Handing engineering projects off to other team members is more than a task – it's a skill, and one that many people undervalue or lack entirely. When saying goodbye to a project, there are a few general guidelines you should follow to ensure a smooth exchange. Below we'll take a look at things to do and mistakes to avoid.
Do These Things:
Organize Project Information
Document everything properly, and save all your project files in one place. Being diligent about organization from the start of a project means it will be ready to hand off if necessary, and you won't be scrambling to get your ducks in a row at the last minute. Before the handoff, send your team member an email with all the project information and relevant documents for them to review. Don't forget to type up any handwritten notes you may have (including those pesky Post-Its that decorate your cube).
Meet in Person
After emailing the new project engineer all relevant documents, it's important to give that person time to review the project materials and prepare questions he or she might have. Then it's time to meet face-to-face. Don't rely on email exchanges alone. It's generally much easier to communicate and work through technical details in person.
Discuss Project Goals
Simply focusing on the project's technical details is not sufficient if you really want the project to succeed. Talk about visions and goals for the project, specific challenges that stand in the way and any problem-solving strategies you've brainstormed to reach those goals. Reviewing these higher level aspects will allow the project to continue on its current trajectory, resulting in a smoother transition overall.
Don't Do These Things:
Orphan a Project
Every project needs a loving home! If a project is leaving your hands for any reason, make sure there is a plan in place for a new project engineer to take over. The last thing you want is to see all your hard work go to waste as a project is neglected.

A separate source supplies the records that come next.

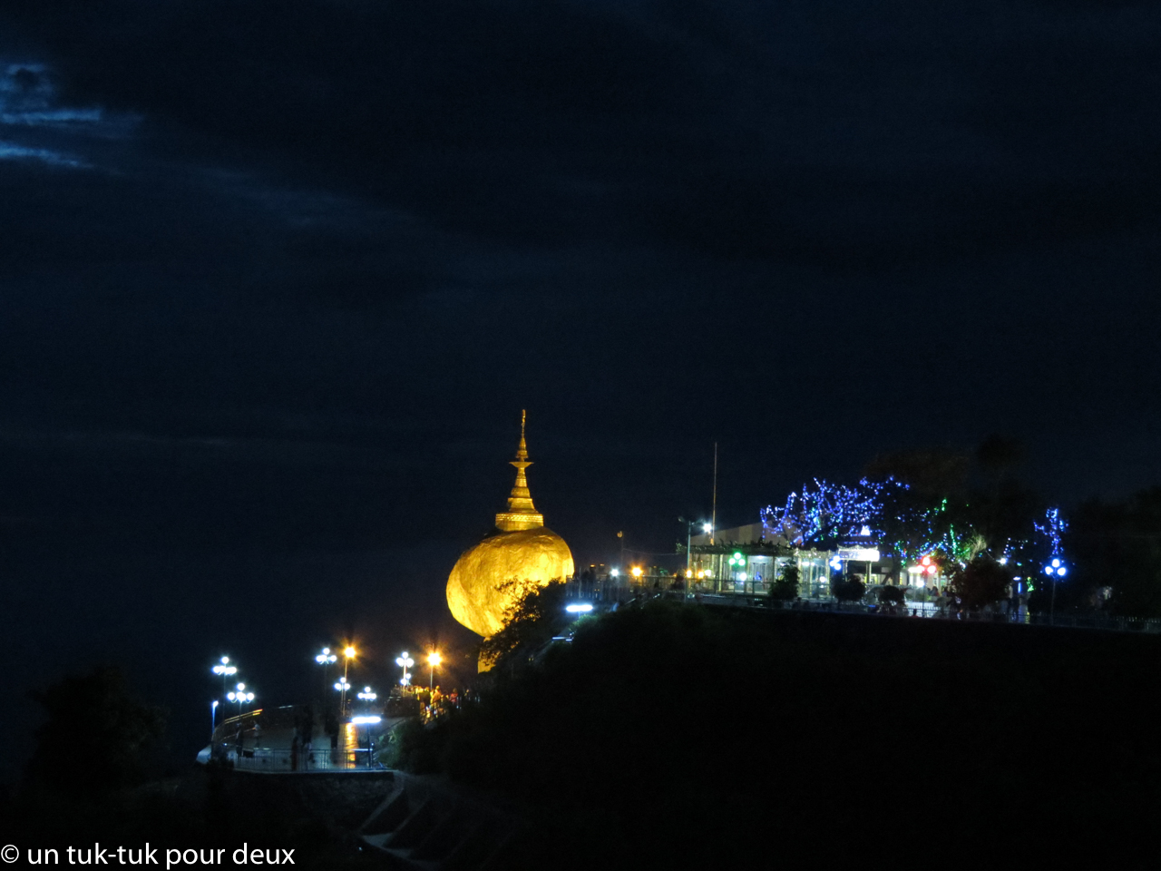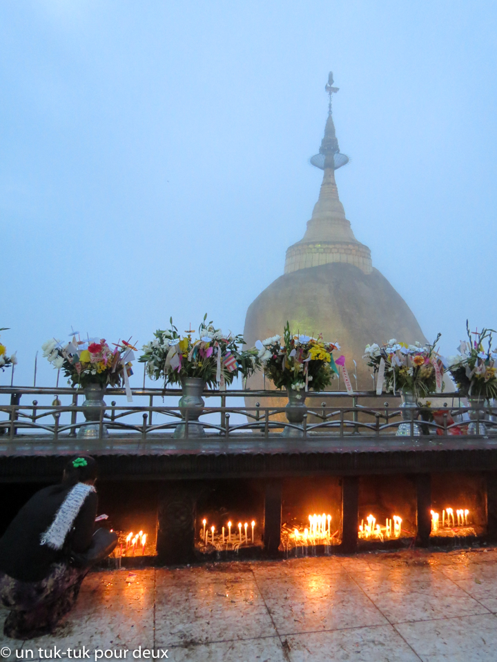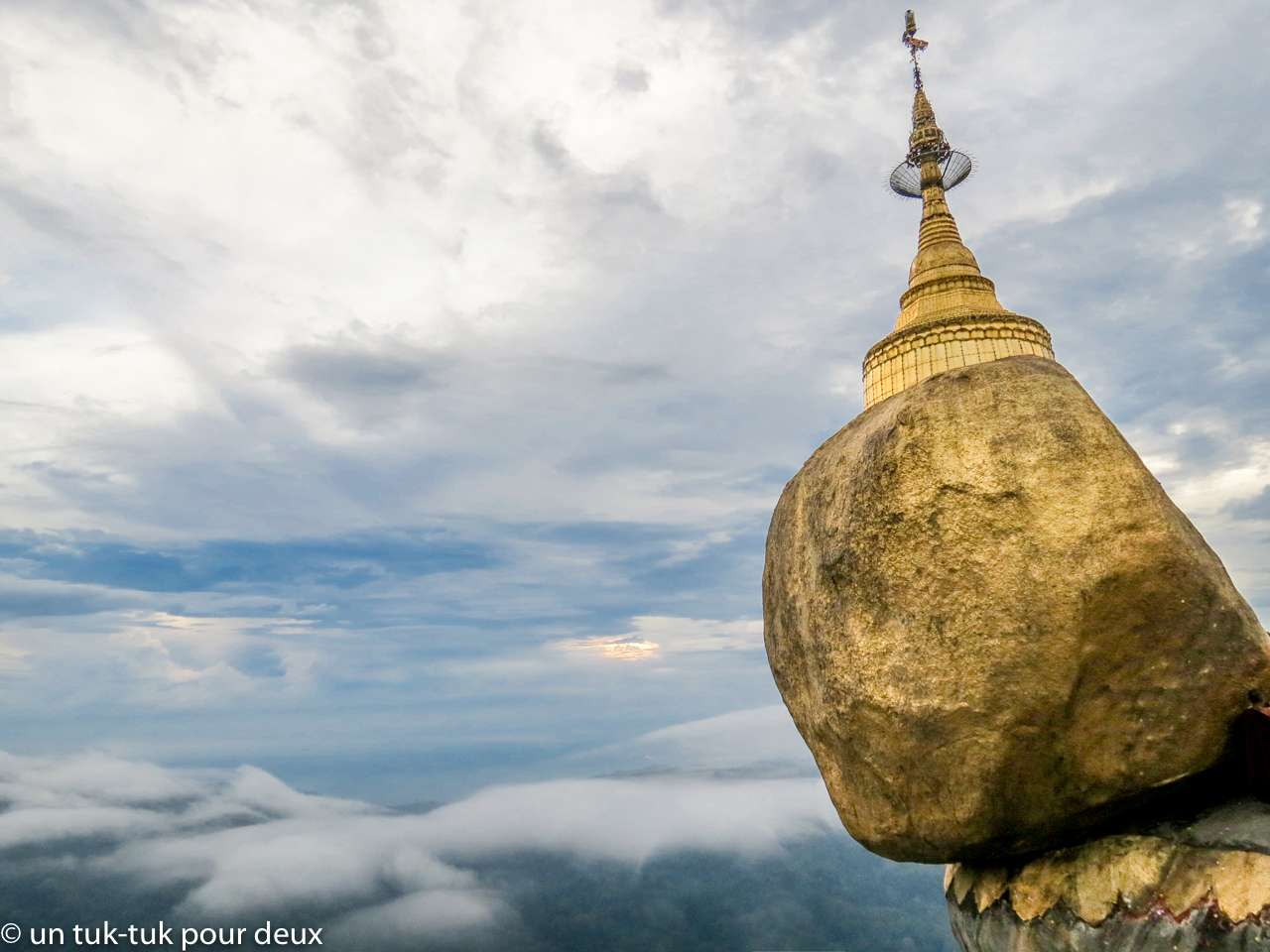 Le Rocher d’Or est l’un des principaux lieux de cultes du bouddhisme du Myanmar, situé au sommet du Mont Ktaikhtiyo à 1 200 m d’altitude. Puisque s’y rendre constitue presque un exploit, le touriste y est encore plus rare qu’ailleurs au pays. Du moins, c’était le cas lors de notre passage en 2012.
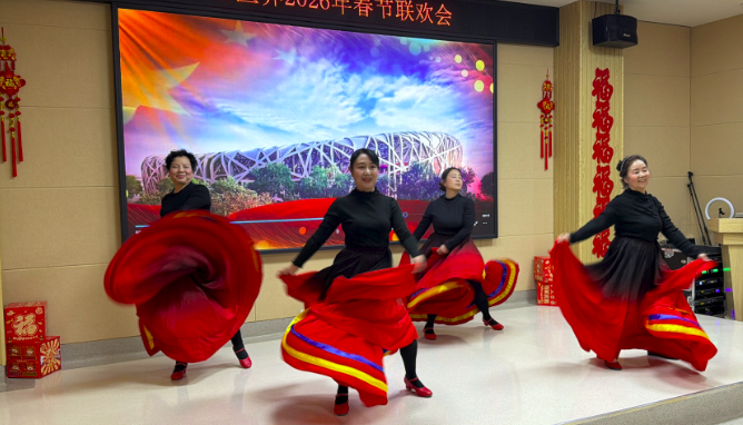 作为一心堂药业集团旗下专注老年健康的子公司,一心医养依托二级医院医疗支撑,构建起“机构—社区—居家”三级联动服务体系。本次活动将新春年俗与医养关怀深度融合:院内长者自编新疆舞展现银发活力,护理人员全程伴护随时响应健康需求,而柔力球队的来访则形成白发对白发的精神共鸣。
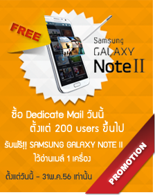 ซื้อ Dedicate Mail วันนี้ ตั้งแต่ 200 users ขึ้นไป รับฟรี!! Samsung Galaxy Note2 ไว้อ่านเมล์ 1 เครื่อง ตั้งแต่วันนี้ - 31 พฤษภาคมนี้เท่านั้น
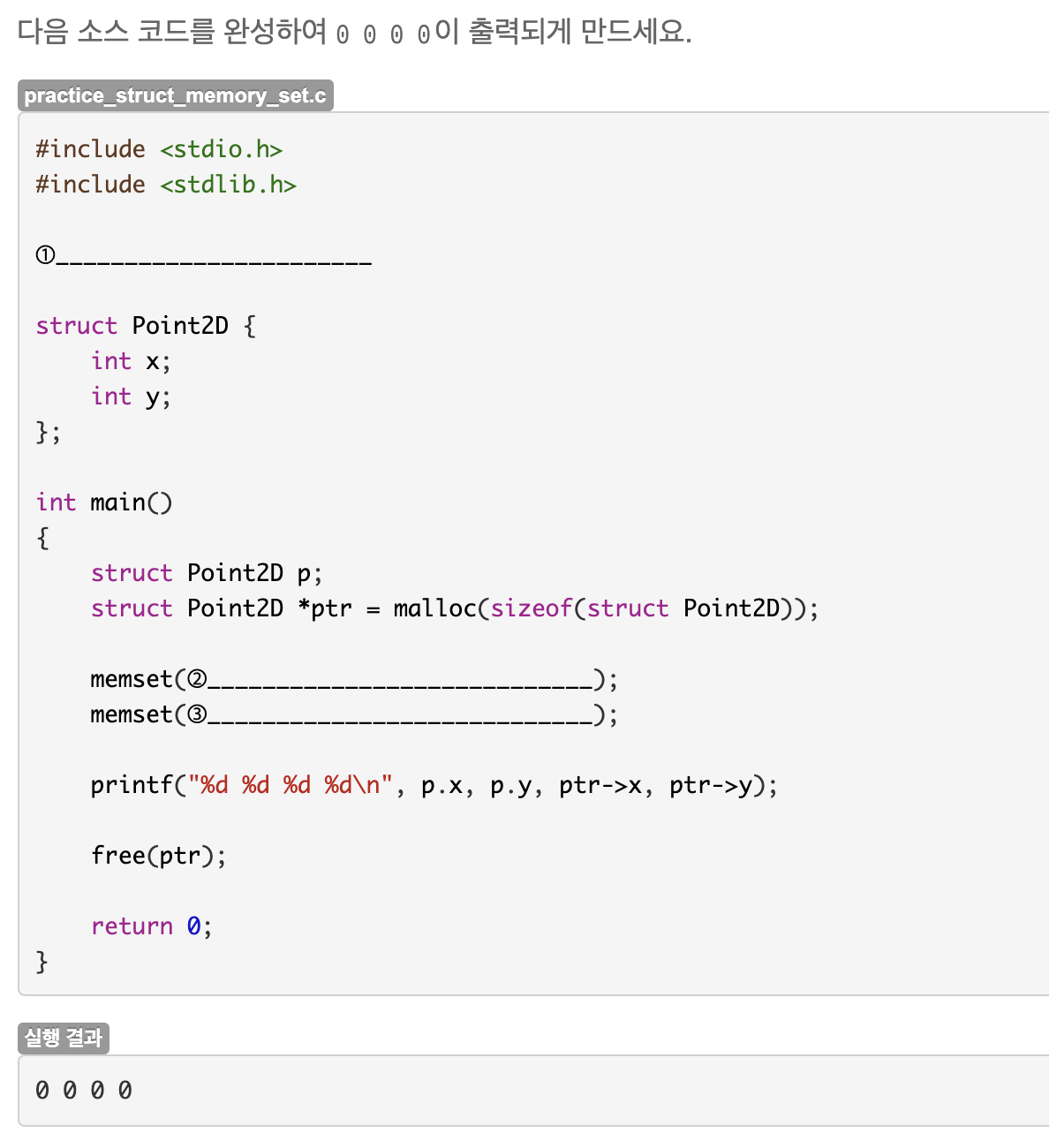 3. ptr, 0, sizeof(struct Point2D)
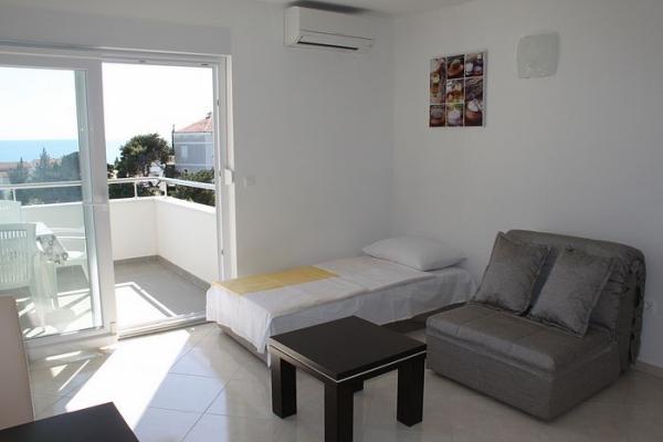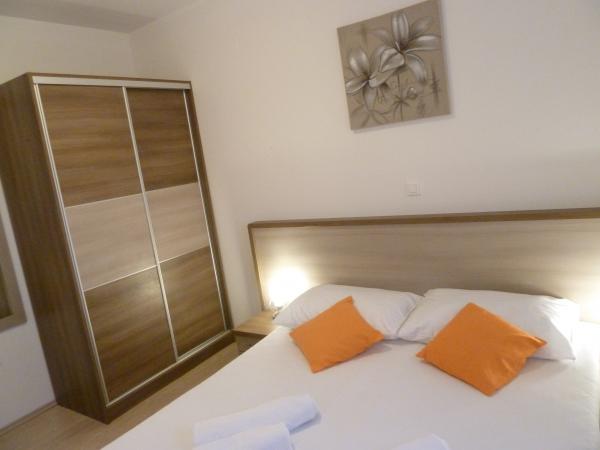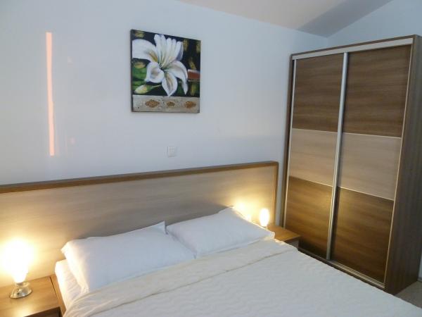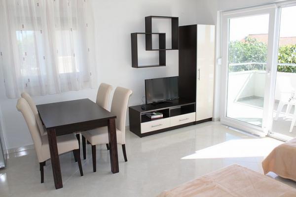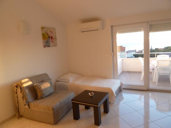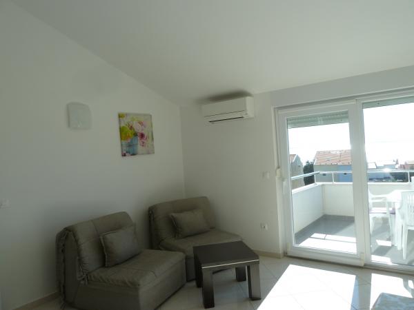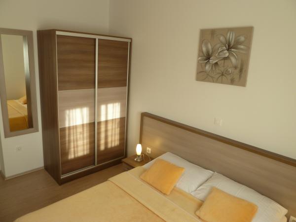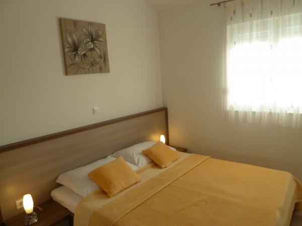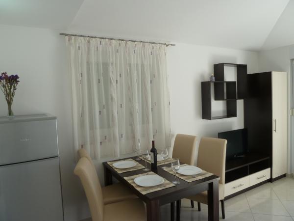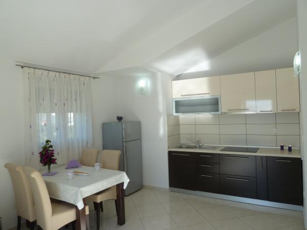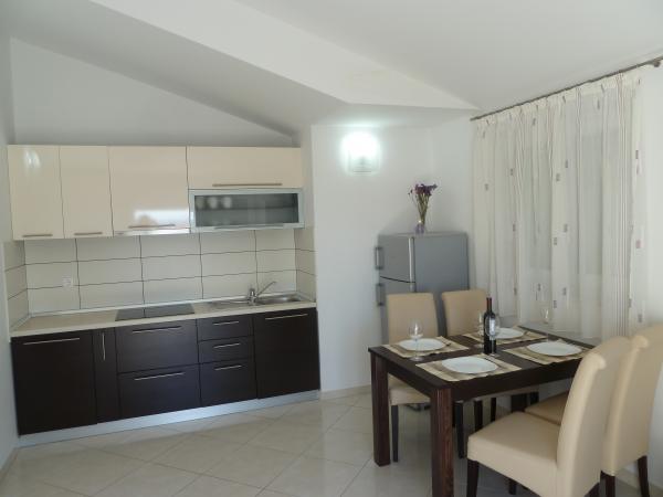 ne prezentam noua noastră casă, unde puteți găsi cazare într-una dintre cele 8 apartamente nou construite. Toate apartamentele sunt complet mobilate și au o terasă cu vedere la grădină și la mare. Va oferim 8 apartamente pentru 2-6 persoane. Toate apartamentele sunt dotate cu aer condiționat, dotate cu LED-uri TV / SAT, Wi-Fi, iar fiecare apartament are propriul loc de parcare. Fie oaspeții noștri și petrece o vacanță plăcută inch

Micromanage a Project That is No Longer Yours
Saying goodbye can be difficult, but sometimes you have to cut the cord. Let the new project engineer know you're available to answer questions as (s)he becomes familiar with the project, but don't overstep your boundaries. Let him/her get comfortable as you take a hands-off approach. Again, this is why it's important to give your team member organized project information before the handoff is official. The more comprehensive the handoff preparation is, the easier the transition will be for all parties.
Leave the New Project Engineer Scrambling
How would you feel if someone assigned you a project to oversee and you were only given half the information you needed to get started, and that information was a disorganized mess? Sounds frustrating, right? Don't do that to the new project engineer – it will just mean more time and headaches for both of you. It's worthwhile to spend time gathering and compiling all the project information before jumping ship.